Harry Partch classed intervals according to their odd limit. This is the largest odd number used in the frequency ratio reduced to be within an octave. The idea is that an interval is more dissonant the larger its odd limit. Chords (or tonalities) within an odd limit are classed as either otonal or utonal.
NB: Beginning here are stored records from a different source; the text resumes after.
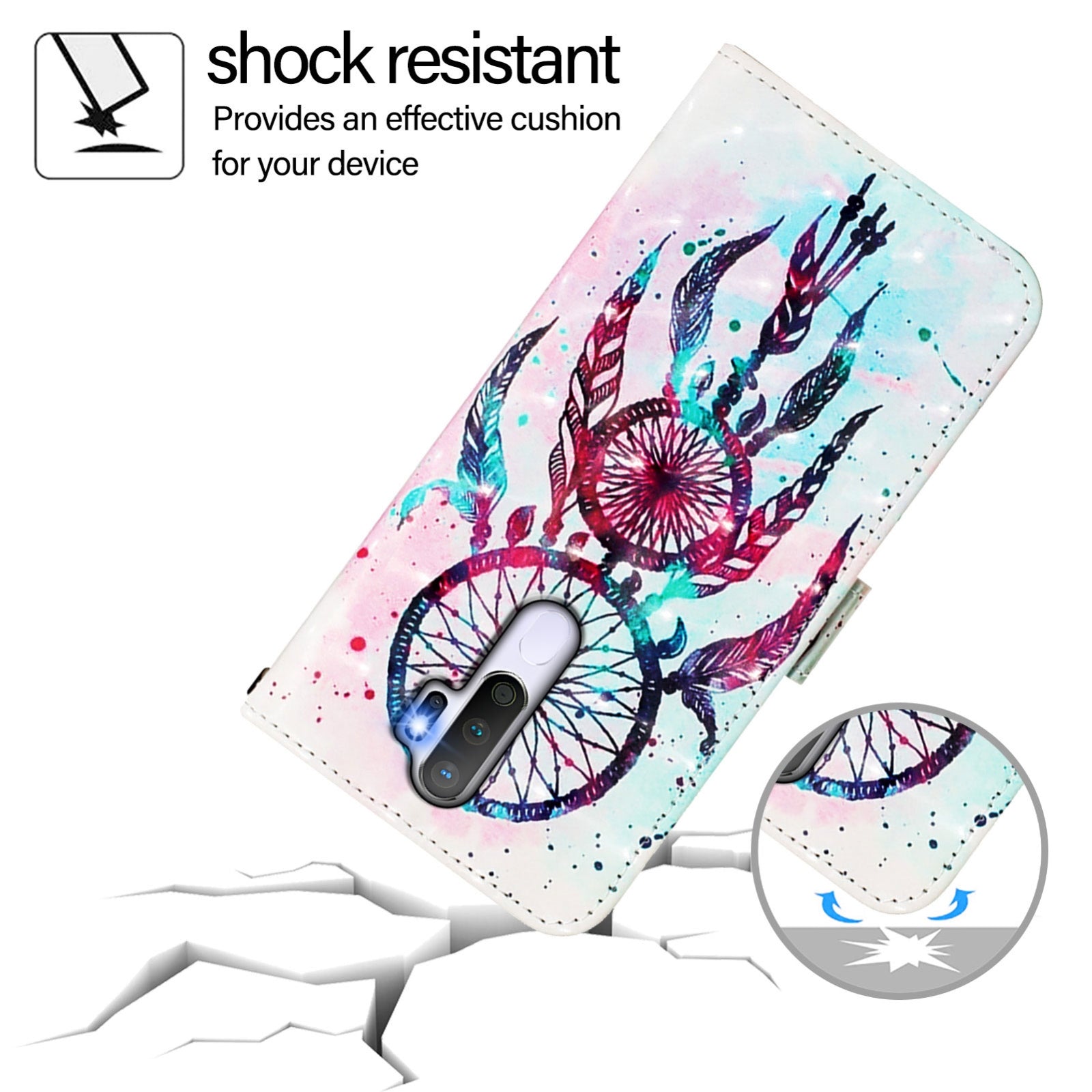 Give your OPPO A5 2020 4G a stylish upgrade with this beautifully designed leather flip phone case featuring eye-catching 3D artwork. Crafted from premium-quality PU leather combined with a robust TPU interior, this case ensures your device stays protected against everyday scratches, dirt, wear, and tear.
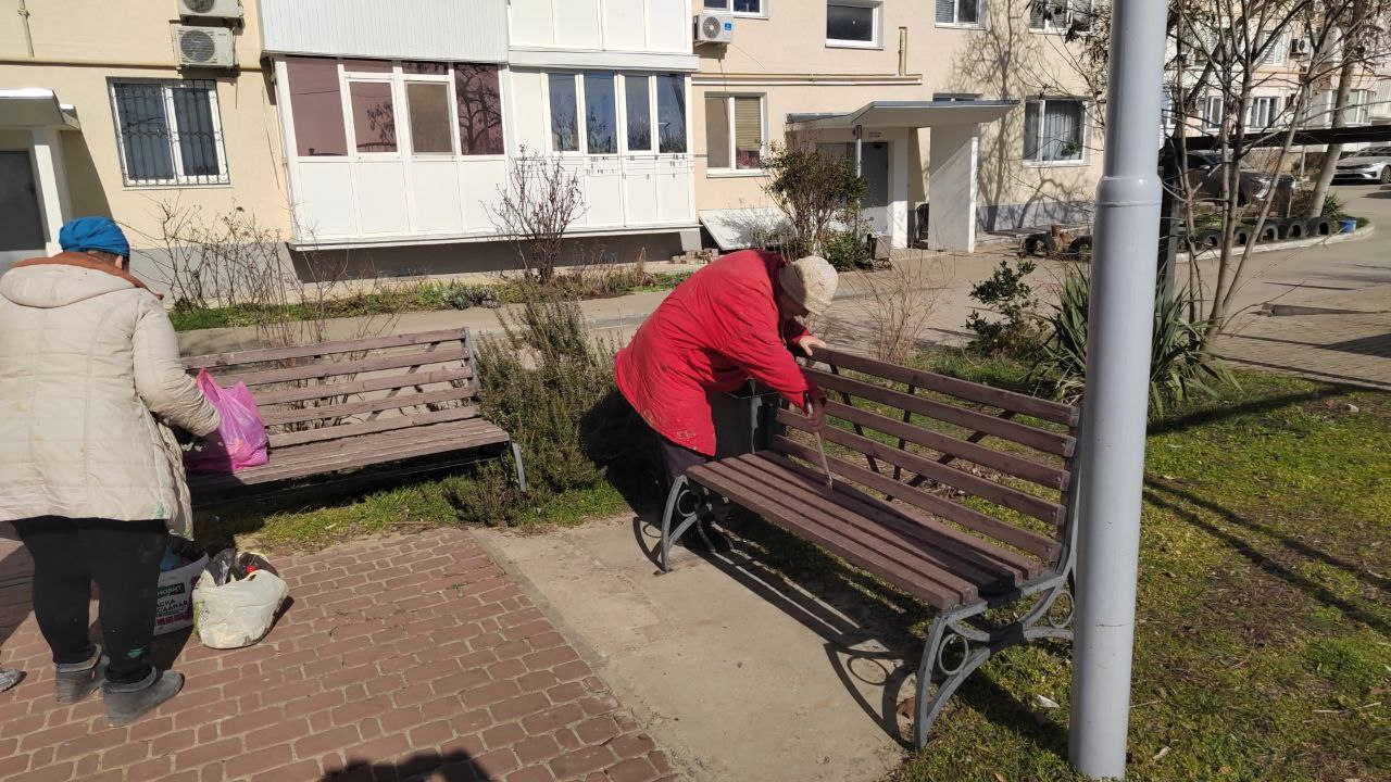 Кавказская, 17 покраска лавочек и урн
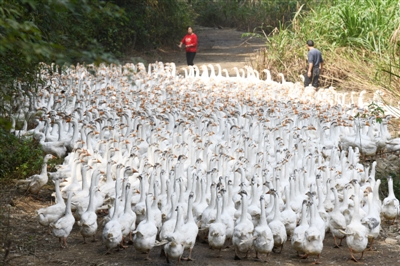 “3500多只鵝,每天光吃糧就得花1700多塊錢,5個(gè)多月來(lái),我們已吃去了16萬(wàn)多元,真的是‘被吃窮了’!”10月10日,崇陽(yáng)縣沙坪鎮(zhèn)廟鋪村4組的埂場(chǎng)山,山谷里回蕩著群鵝嬉戲的“嘎嘎”聲,55歲的養(yǎng)鵝人劉金漢和他的妻子張金書卻滿是愁言。

Removing all factors of 2, the otonal 9-limit chord is 1:3:5:7:9. All its intervals are in the 9-limit. This is also true of the utonal version, which has the intervals reversed: 1/9:1/7:1/5:1/3:1/1.
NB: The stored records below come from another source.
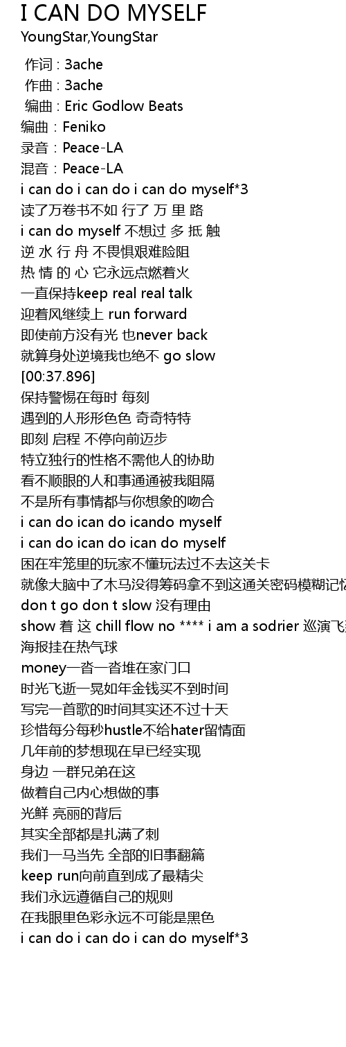 | [00:21.092] | i can do myself bu xiang guo duo di chu |
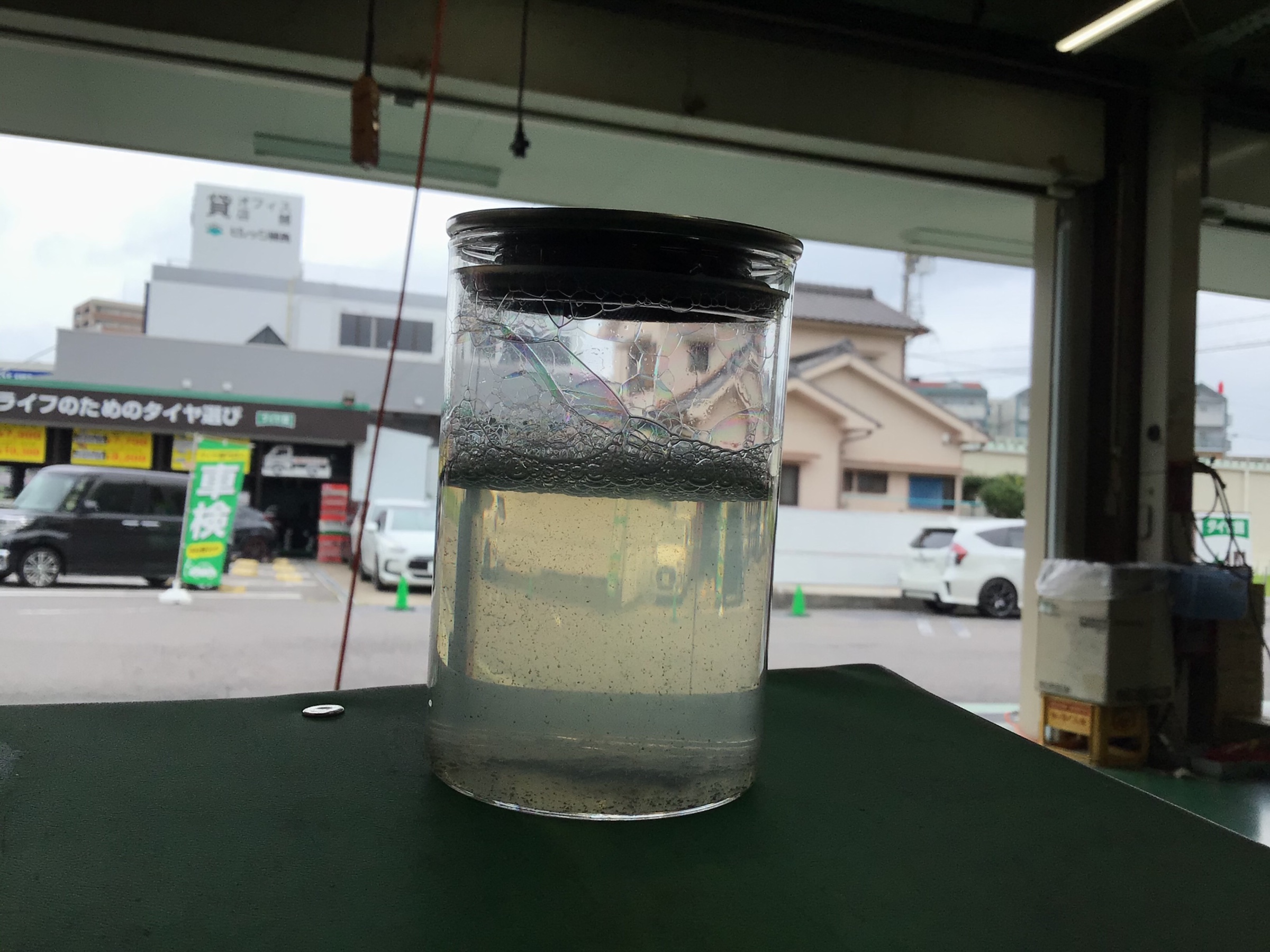 透明な洗浄液が使用後は濁ってしまいました。エバポレーターがかなり汚れていたことが伺えます。
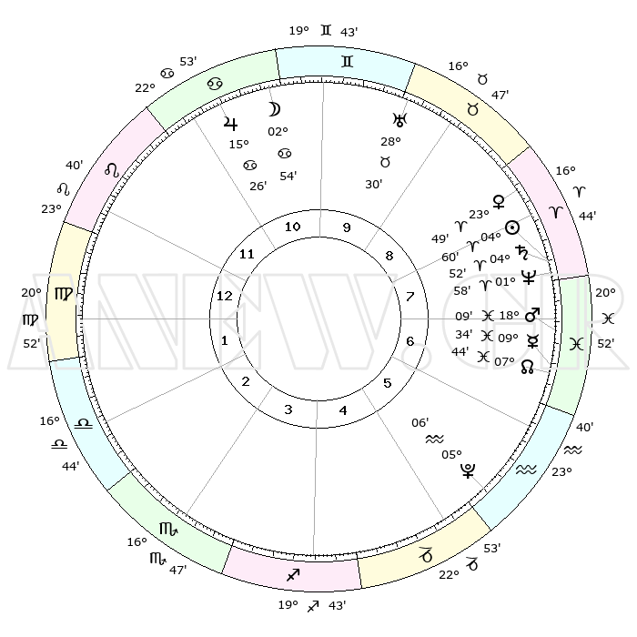 | | ΘΕΣΕΙΣ ΠΛΑΝΗΤΩΝ ΑΣΤΡΟΛΟΓΙΚΟΥ ΧΑΡΤΗ ΤΗΣ ΣΤΙΓΜΗΣ ΑΥΤΗΣ | | | | Πλανήτης | Ζώδιο | Μοίρες | Δεκαήμ. | Σε οίκο | Απόκλιση | | Ακμές των οίκων | | Ηλιος | Κριός | 04°56' | Πρώτο | 8 | 01 N 57 | | 1ος | 29°55' | Λέων | | Σελήνη | Καρκίνος | 01°53' | Πρώτο | 11 | 28 N 14 | | 2ος | 23°45' | Παρθένος | | Ερμής | Ιχθείς | 09°32' | Πρώτο | 7 | 08 S 06 | | 3ος | 22°25' | Ζυγός | | Αφροδίτη | Κριός | 23°44' | Τρίτο | 9 | 08 N 34 | | 4ος | 25°20' | Σκορπιός | | Αρης | Ιχθείς | 18°06' | Δεύτερο | 7 | 05 S 41 | | 5ος | 29°32' | Τοξότης | | Δίας | Καρκίνος | 15°25' | Δεύτερο | 11 | 22 N 54 | | 6ος | 01°30' | Υδροχόος | | Κρόνος | Κριός | 04°52' | Πρώτο | 8 | 00 S 01 | | 7ος | 29°55' | Υδροχόος | | Ουρανός | Ταύρος | 28°30' | Τρίτο | 10 | 19 N 39 | | 8ος | 23°45' | Ιχθείς | | Ποσειδώνας | Κριός | 01°58' | Πρώτο | 8 | 00 S 25 | | 9ος | 22°25' | Κριός | | Πλούτωνας | Υδροχόος | 05°06' | Πρώτο | 6 | 22 S 48 | | 10ος | 25°20' | Ταύρος | | Β. Δεσμός | Ιχθείς | 07°45' | Πρώτο | 7 | 08 S 40 | | 11ος | 29°32' | Δίδυμοι | | Ωροσκόπος | Λέων | 29°55' | Τρίτο | | | 12ος | 01°30' | Λέων | | Μεσουράνημα | Ταύρος | 25°20' | Τρίτο | | | |

Whether Partch used the word "limit" to refer to odd or prime numbers is a matter of some debate. However, he did seem to think that the consonance of an interval is governed by its odd limit, and called it an identity or something like that.
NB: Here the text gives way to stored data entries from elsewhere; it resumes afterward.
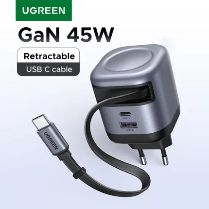UGREEN 45W GaN Retractable Cable Charger UFCS PPS QC For iPhone 16 15Pro Samsung S25 iPad Macbook Air Tablet PD 3.0 Fast Charger
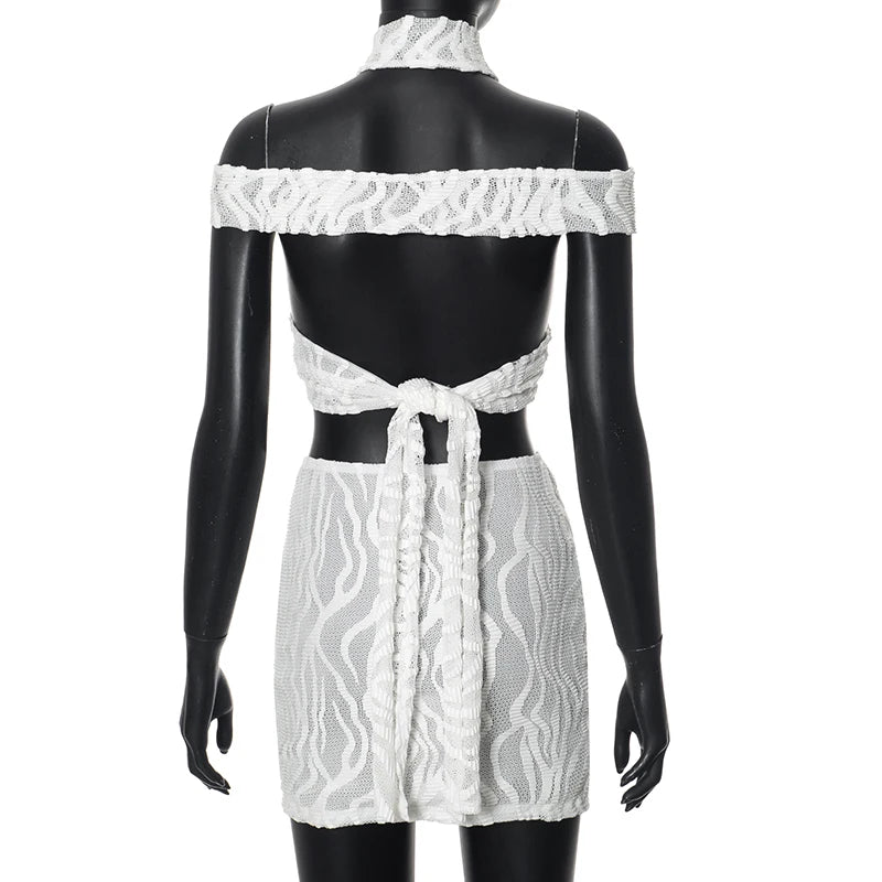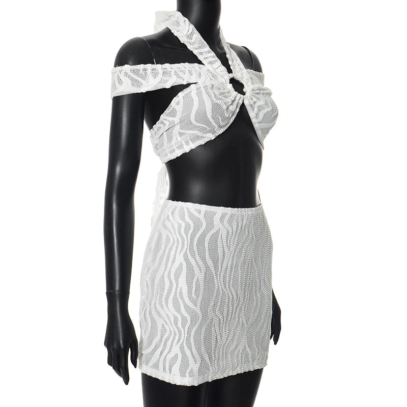 Experience effortless elegance with our Save Me From Ruin Skirt Set. Made from a blend of cotton and polyester, this set boasts intricate lace and hollow out details, secured by a beautiful lace closure. Elevate any occasion with this stunning ensemble.
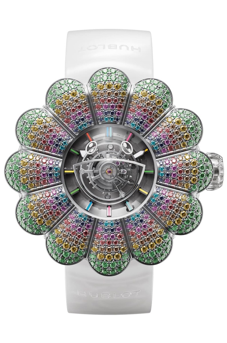 蓝宝石材质/HUB1214 UNICO自动上链机芯/时、分显示/3D花朵镶嵌487颗彩色钻石/蓝宝石水晶镜面、透明底盖/防水50米/表径45mm/限量100只/参考价:NT$ 3,270,000
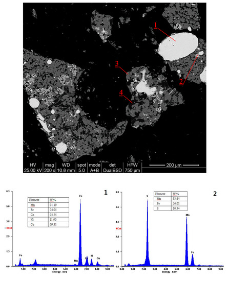 The mineral composition of the four color areas is very different. The bright white point 1 is the alloy phase formed by Fe, Co, Ni, and Cu. The light gray point 2 is the ferro manganese sulfide phase, the dark gray point 3 is the manganese olivine phase, and the black point 4 is the glass phase.

Paul Erlich, in a post to the Tuning List showed that there are chords which are neither 9-limit utonalities or otonalities, but all of whose intervals are within the 9-limit.
The two examples are 3:5:9:15 and 3:7:9:21. In octave equivalent matrix representation these are:
(1 1) (2 0)h (0 1) (1 0) (1 0 1) (2 0 0)h (0 0 1) (1 0 0) |
There is an obvious similarity.
I've decided to call these "anomalous saturated suspensions" as they are suspensions of notes to which none can be added without raising the odd limit, and which are outside Partch's original theory. As the phrase is rather unwieldy, the acronym "ass" will be used from henceforth. A general means of constructing asses soon emerged from the discussion, and will be explained here. If you like, skip that for the examples.
Incidentally, in choosing the acronym "ass" I do not mean to allude to the usual meaning of that word, namely a beast of burden. It is certainly not my intention to imply that Partch was an ass for not discovering them. The fact that they were only uncovered over 20 years after his death is good evidence that this is not the case.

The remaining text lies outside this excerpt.